Pressure is a variable you can control. In OTC country, pressure concentrates near roads and popular trailheads. The most predictable way to find less-educated deer is to walk farther than most hunters are willing to go. Two miles from the nearest road separates you from the majority of the competition in any OTC unit. Three miles puts you in a different world.

Use the Draw Odds Engine to compare draw odds across states when you’re deciding how to allocate limited applications — sometimes a unit that looks competitive on paper draws far better or worse than the averages suggest.

What to Realistically Expect

OTC mule deer hunting is not a trophy factory. The states and units that issue unlimited tags generally don’t compete with Utah’s Book Cliffs or Nevada’s Ruby Mountains for producing 200-inch bucks. Go in with calibrated expectations.

In the best OTC areas — quality eastern Montana hunting districts, southern Idaho desert units, Colorado’s better OTC archery terrain — 150–165-inch mature bucks are achievable for hunters who put in the research and the physical effort. These are legitimate, respectable western mule deer. They’re not ceiling scores, but they’re the kind of bucks that any hunter would be proud to hang on the wall.

The more important metric for most OTC hunters, especially in the early years, is experience. Every mile you walk in mule deer country, every buck you watch bed and feed, every stalk you execute whether it ends in a shot or a blown opportunity teaches you something.

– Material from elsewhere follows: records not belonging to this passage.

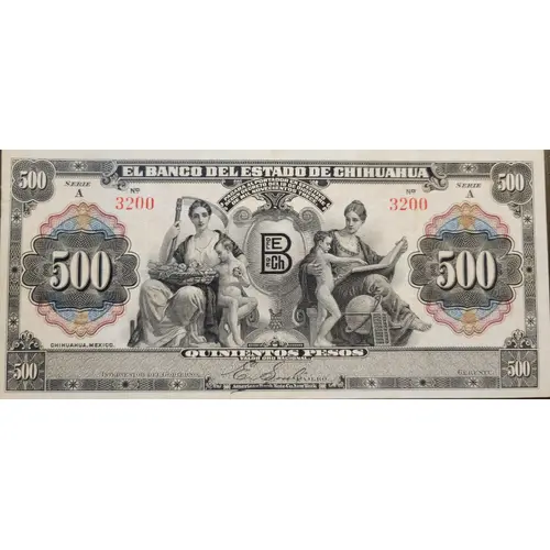 | Obverse lettering | El Banco Del Estado De Chihuahua Pagara al portador en efectivo segun decreto del 12 de diciembre de mil novecientos trece. Quinientos Pesos Valor oro nacional (Translation: The State Bank of Chihuahua It will pay the bearer in cash according to the decree of December 12, one thousand nine hundred and thirteen. 500 Pesos National gold value) |
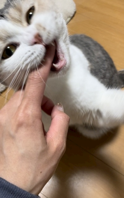 飼い主の指まで食べてました😂
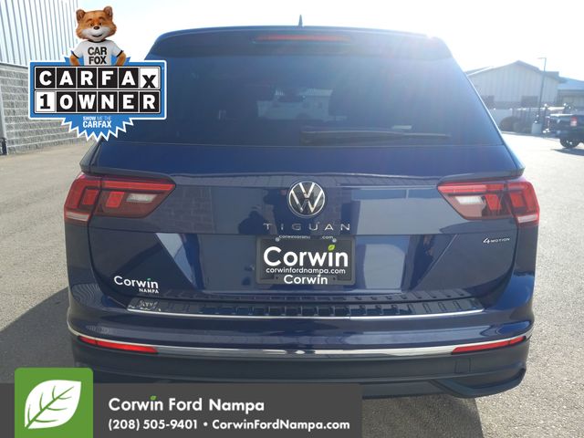 Welcome to our exclusive Accident Free, One Owner 2024 Volkswagen Tiguan Wolfsburg Edition 4MOTION, which raises the bar for versatile style in Atlantic Blue Metallic! Powered by a TurboCharged 2.0 Liter 4 Cylinder offering 184hp to an 8 Speed Automatic transmission for boosted performance. This All Wheel Drive SUV also features a sporty suspension for agile handling, and it returns nearly 29mpg on the highway with bold special edition upgrades. Our Tiguan exterior demands attention with LED lighting, a remote power liftgate, 18-inch alloy wheels, heated power mirrors, silver roof rails, and heated windshield washer nozzles.

That compound learning is exactly what makes OTC mule deer hunting valuable as an investment in your long-term effectiveness as a western hunter.


Tag costs referenced are approximate nonresident figures based on 2025–2026 state fee schedules. Always verify current costs and regulations directly with state wildlife agencies before purchasing licenses. Tag prices and season structures change annually.